(Beginning of Data)

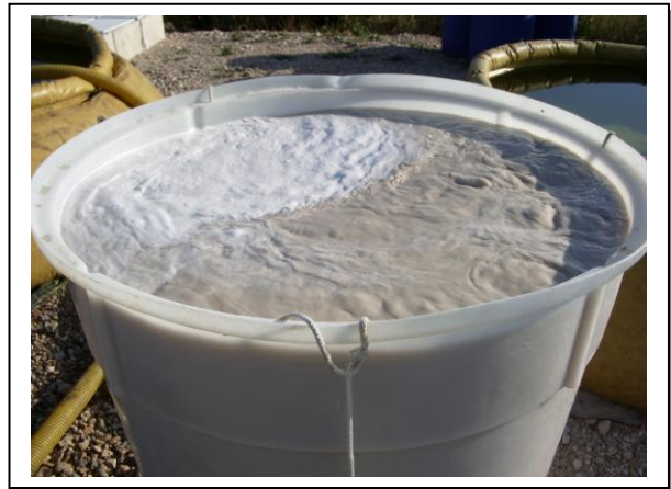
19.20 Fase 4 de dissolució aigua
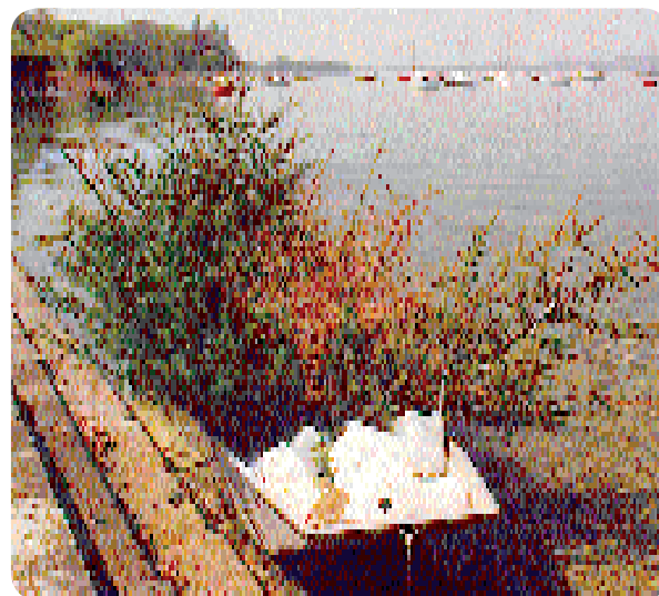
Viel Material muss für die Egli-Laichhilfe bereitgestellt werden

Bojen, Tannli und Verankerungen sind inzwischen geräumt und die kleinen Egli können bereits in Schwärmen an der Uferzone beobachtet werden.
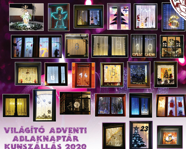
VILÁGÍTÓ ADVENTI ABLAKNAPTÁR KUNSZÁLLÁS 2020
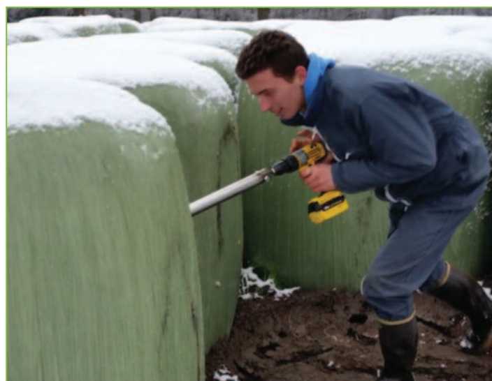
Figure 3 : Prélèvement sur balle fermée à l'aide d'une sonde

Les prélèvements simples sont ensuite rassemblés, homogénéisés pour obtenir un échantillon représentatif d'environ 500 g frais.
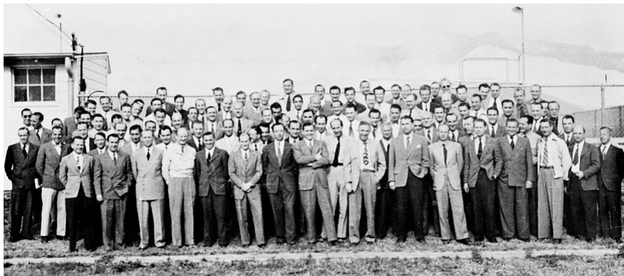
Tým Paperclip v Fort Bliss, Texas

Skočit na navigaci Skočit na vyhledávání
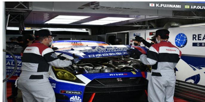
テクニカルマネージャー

(End of Data)

* Problem statement *
Please write out, exactly, every line from the line with "Figure 3 : Prélèvement" through the final line of the data above, leaving out pictures.

* Answer for this exercise *
Figure 3 : Prélèvement sur balle fermée à l'aide d'une sonde

Les prélèvements simples sont ensuite rassemblés, homogénéisés pour obtenir un échantillon représentatif d'environ 500 g frais.
Tým Paperclip v Fort Bliss, Texas

Skočit na navigaci Skočit na vyhledávání
テクニカルマネージャー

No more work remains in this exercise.